Çoğu zaman gözlerimizle, bir baş işaretiyle cinayet mahkemesindekinden daha fazla bir haşmetle yemin ederiz.
Madam Marneffe, sanki Lisbeth’in de inanmasını istermiş gibi elini onun elinin üstüne koyarak “Namuslu bir insandan neyim eksik?” dedi. “Evli bir kadınım, kendi başıma buyruk bir kadınım. O kadar ki sabahleyin işe giderken Marneffe’in aklına esip de bana Allah’a ısmarladık diyecek olsa kapımın kapalı olduğunu gördü mü usulcacık çıkar gider. Çocuğunu, benim Tuileries’deki iki ırmak başında oynayan mermerden çocuklardan birini sevdiğim kadar bile sevmez. Akşam yemeğine gelmezsem hizmetçi ile pekâlâ yemeğini yer çünkü hizmetçi mösyönün emrindedir. Marneffe akşamları, yemekten sonra çıkar; ta gece yarısı veya saat birde gelir. Maalesef bir yıldır oda hizmetçim yok demek istiyorum ki bir yıldır dulum. Biricik ihtirasım, bir saadetim vardı… O da zengin bir Brezilyalı idi, gideli bir yıl oluyor; bu, benim kendi hatamdır! Fransa’da yerleşmek için mallarını satmaya, işlerini yoluna koymaya gitmişti. Gelince Valérie’sinin yerinde ne bulacak? Bir aptal! Bak! Bu, onun hatası, benim değil; gelmekte ne diye gecikti? Tanrı bilir, belki o da benim namusum gibi boğulup gitmiştir.”

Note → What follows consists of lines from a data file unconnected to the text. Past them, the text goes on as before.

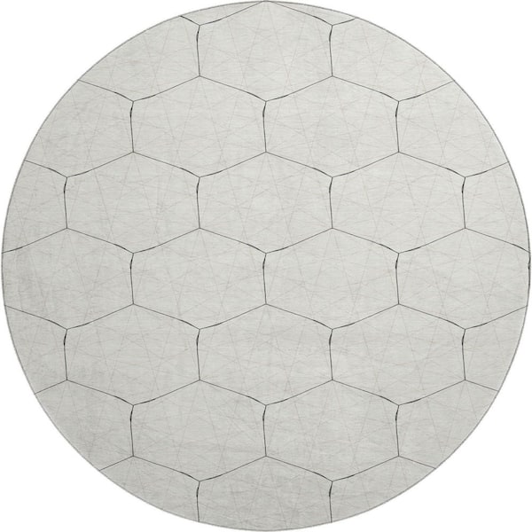 Mayfield Premium Machine Washable Abstract AMF987 Linen 8 ft. x 8 ft. Round Rug
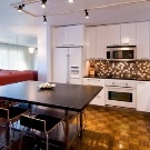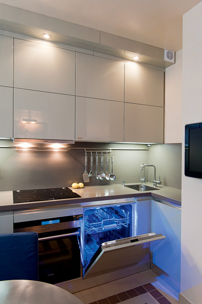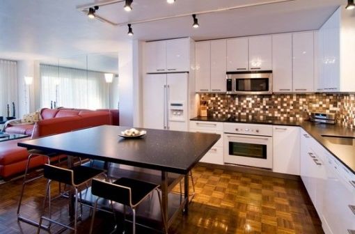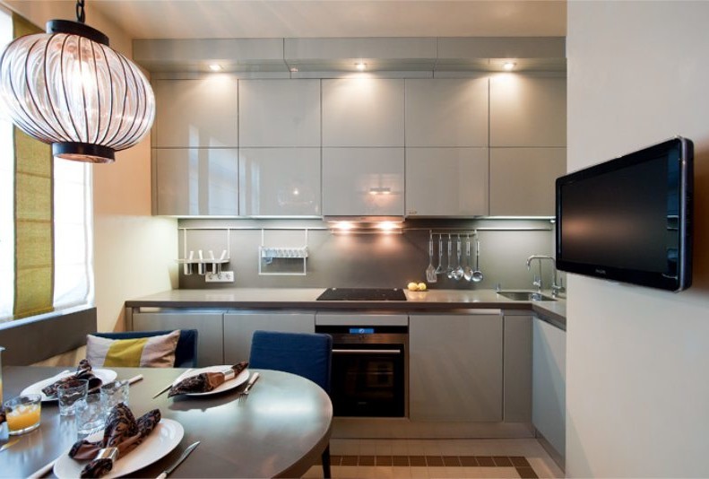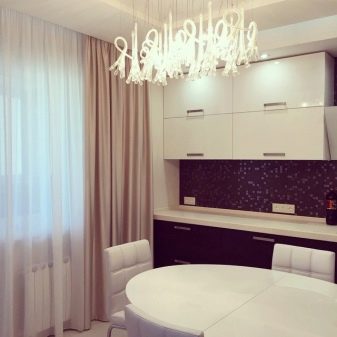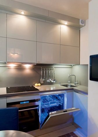 Zusätzlich zu den obigen Möglichkeiten können solche Schränke Teil einer Kücheneinheit sein. In diesem Fall, integrierte Schränke und im gleichen Stil mit dem Rest der Möbel gemacht. Man muss also nicht darüber nachdenken, ob der neue Tisch in den Stil der Schränke passt - alles sieht so organisch und passend aus.
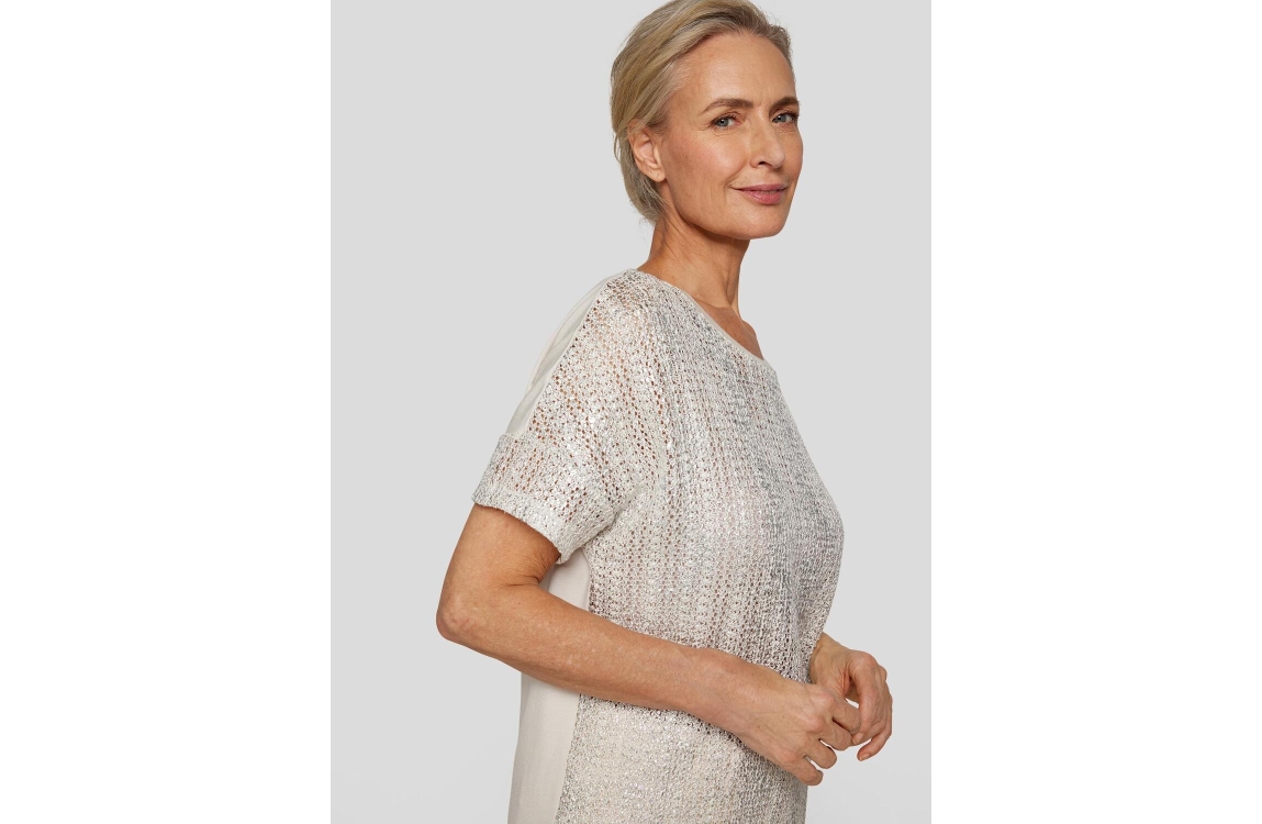 Rabe Online t-shirt 54-224304. Dit rechtvallende model heeft een ronde hals en korte mouwen. Dit beige t-shirt van Rabe heeft een doorzichtige voorzijde en is afgewerkt met een zilveren glitter.
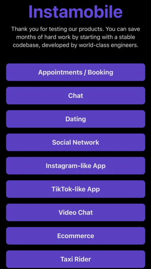 Instamobile provides ready to use codebases to help developers jumpstart the native development of their apps. This flagship iOS app allows software developers to check out our codebases in action, so you can get an idea of what the source code is as well as get the look and feel of the features in a real app.
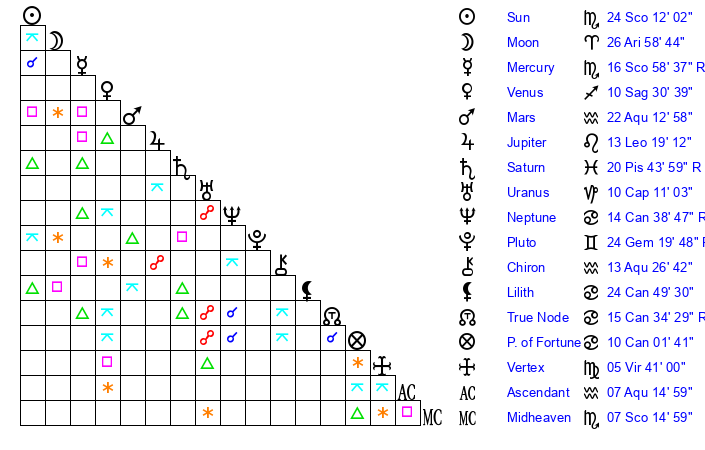 | Sun | 24 Scorpio 12 | 25 Scorpio 36 | 23 Pisces 44 |
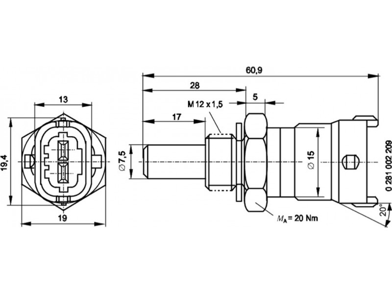 Bosch Αισθητήρας, θερμοκρ. Ψυκτικού Υγρού - 0 281 002 209

“Allah’a ısmarladık şekerim.” dedi Lisbeth birdenbire. “Birbirimizden hiçbir zaman ayrılmayacağız. Sizi seviyorum, takdir ediyorum, sizinim! Kuzinim, Vanneau Sokağı’ndaki müstakbel evinizde oturayım diye beni zorluyor, bunu istemiyorum! Çünkü bu yeni iyiliğin sebebini iyice anladım.”
“Bana nezaret etmek için olacak, bunu biliyorum.” dedi Madam Marneffe.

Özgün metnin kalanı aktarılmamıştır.